If you see this on your first run:

warning: File "/home/nick/linux/scripts/gdb/vmlinux-gdb.py" auto-loading has been declined by your `auto-load safe-path' set to "$debugdir:$datadir/auto-load".
To enable execution of this file add
	add-auto-load-safe-path /path/to/linux/scripts/gdb/vmlinux-gdb.py
line to your configuration file "/home/<username>/.gdbinit".
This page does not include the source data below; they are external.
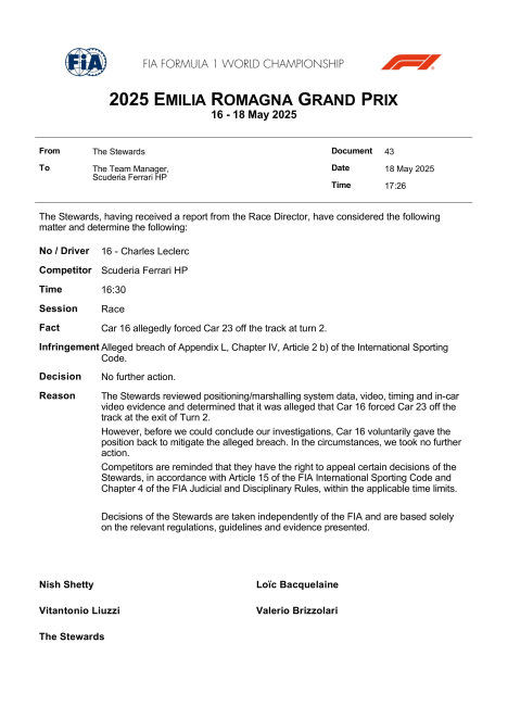 Il documento FIA che avrebbe ‘inchiodato’ Leclerc
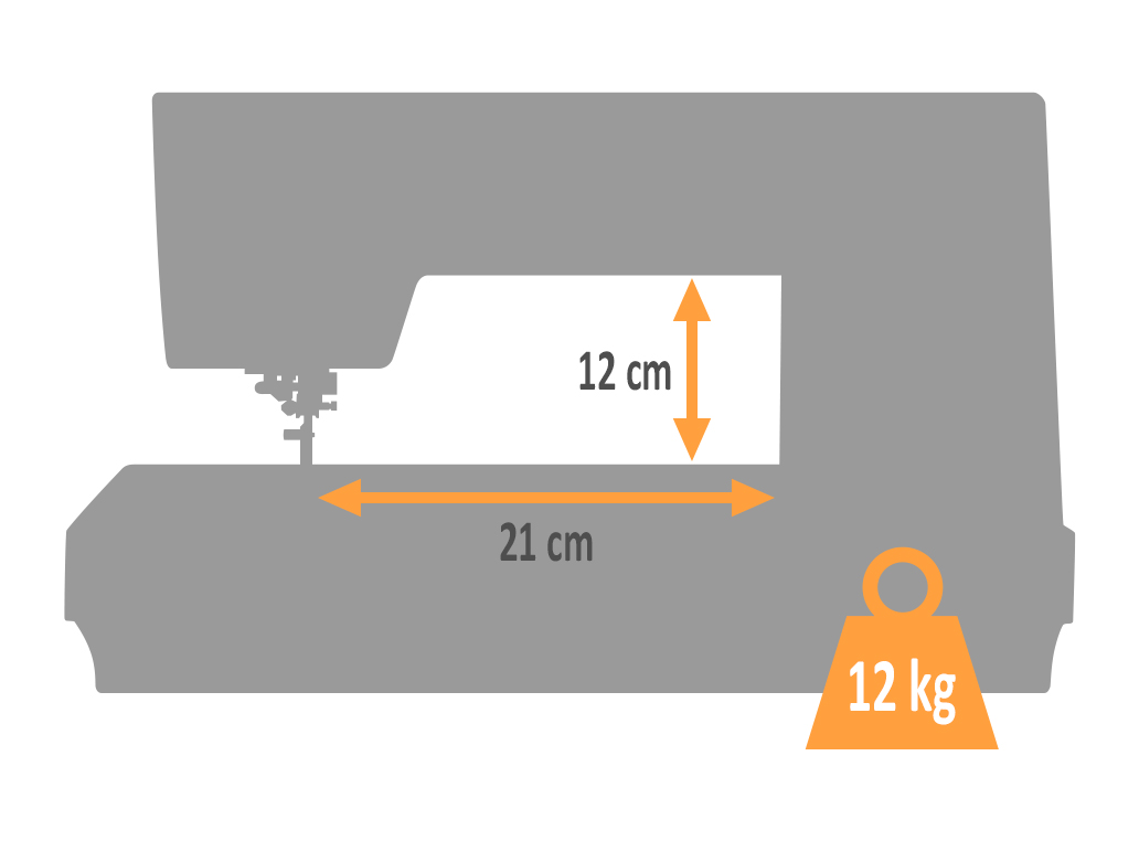 Zdvih kolenní pákou je ještě vyšší jak zdvih rukou, takže můžete opravdu šít i materiál, který jiné stroje ani nezvládnou.
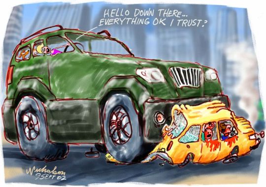 It seems that women are big consumers of this transportation mean, because it gives them the impression to be safe. Well honey, if you forget to close your door it’s not the size of the vehicle that will get you of trouble, nor improve your driving, for everyone knows that danger, woman driver ahead (oh, come on, I know, I’m also a woman, but still…)
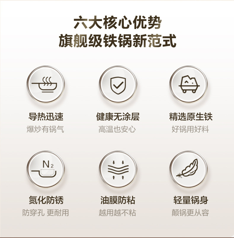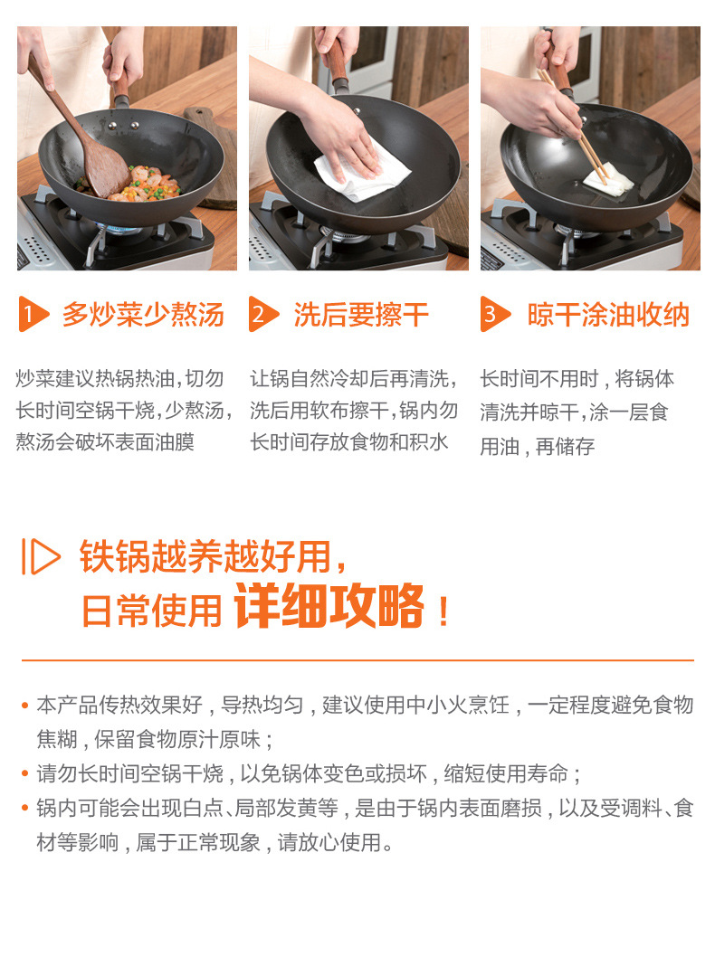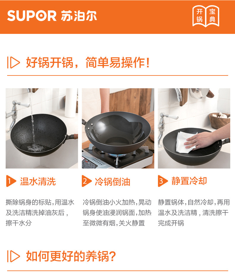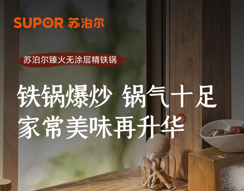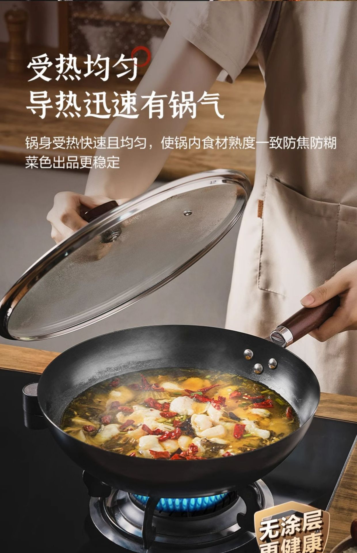正品苏泊尔无涂层铁锅炒菜锅家用无涂层炒锅老式加厚煤气灶精铁锅

Then you can do this one time fix in order to load the gdb scripts each run:

$ cd linux
$ echo "add-auto-load-safe-path `pwd`/scripts/gdb/vmlinux-gdb.py" >> ~/.gdbinit

Now that QEMU is listening on port 1234 (via -s), let’s connect to it, and set a break point early on in the kernel’s initialization. Note the the use of hbreak (I lost a lot of time just using b start_kernel, only for the kernel to continue booting past that function).

(gdb) target remote :1234
Remote debugging using :1234
0x000000000000fff0 in cpu_hw_events ()

(gdb) hbreak start_kernel
Hardware assisted breakpoint 2 at 0xffffffff82904a1d: file init/main.c, line 536.
(gdb) c
Continuing.

Breakpoint 2, start_kernel () at init/main.c:536
536		set_task_stack_end_magic(&init_task);
(gdb) bt
#0  start_kernel () at init/main.c:536
#1  0xffffffff810000d4 in secondary_startup_64 () at arch/x86/kernel/head_64.S:243
#2  0x0000000000000000 in ?? ()

We can start/resume the kernel with c, and pause it with ctrl+c. The gdb scripts provided by the kernel via CONFIG_GDB_SCRIPTS can be viewed with apropos lx. lx-dmesg is incredibly handy for viewing the kernel dmesg buffer, particularly in the case of a kernel panic before the serial driver has been brought up (in which case there’s output from QEMU to stdout, which is just as much fun as debugging graphics code (ie. black screen)).

(gdb) apropos lx
function lx_current -- Return current task
function lx_module -- Find module by name and return the module variable
function lx_per_cpu -- Return per-cpu variable
function lx_task_by_pid -- Find Linux task by PID and return the task_struct variable
function lx_thread_info -- Calculate Linux thread_info from task variable
function lx_thread_info_by_pid -- Calculate Linux thread_info from task variable found by pid
lx-cmdline --  Report the Linux Commandline used in the current kernel
lx-cpus -- List CPU status arrays
lx-dmesg -- Print Linux kernel log buffer
lx-fdtdump -- Output Flattened Device Tree header and dump FDT blob to the filename
lx-iomem -- Identify the IO memory resource locations defined by the kernel
lx-ioports -- Identify the IO port resource locations defined by the kernel
lx-list-check -- Verify a list consistency
lx-lsmod -- List currently loaded modules
lx-mounts -- Report the VFS mounts of the current process namespace
lx-ps -- Dump Linux tasks
lx-symbols -- (Re-)load symbols of Linux kernel and currently loaded modules
lx-version --  Report the Linux Version of the current kernel

(gdb) lx-version
Linux version 4.19.0-rc7+ (nick@nick-Blade-Stealth) (clang version 8.0.0
(https://git.llvm.org/git/clang.git/ 60c8c0cc0786c7f6b8dc5c1e3acd7ec98f0a7b6d)
(https://git.llvm.org/git/llvm.git/ 64c3a57bec9dbe3762fa1d80055ba850d6658f5b))
#18 SMP Wed Oct 24 19:29:53 PDT 2018

Where to Go From Here

Maybe try cross compiling a kernel (you’ll need a cross compiler/assembler/linker/debugger and likely a different console=ttyXXX kernel command line parameter), building your own root filesystem with buildroot, or exploring the rest of QEMU’s command line options.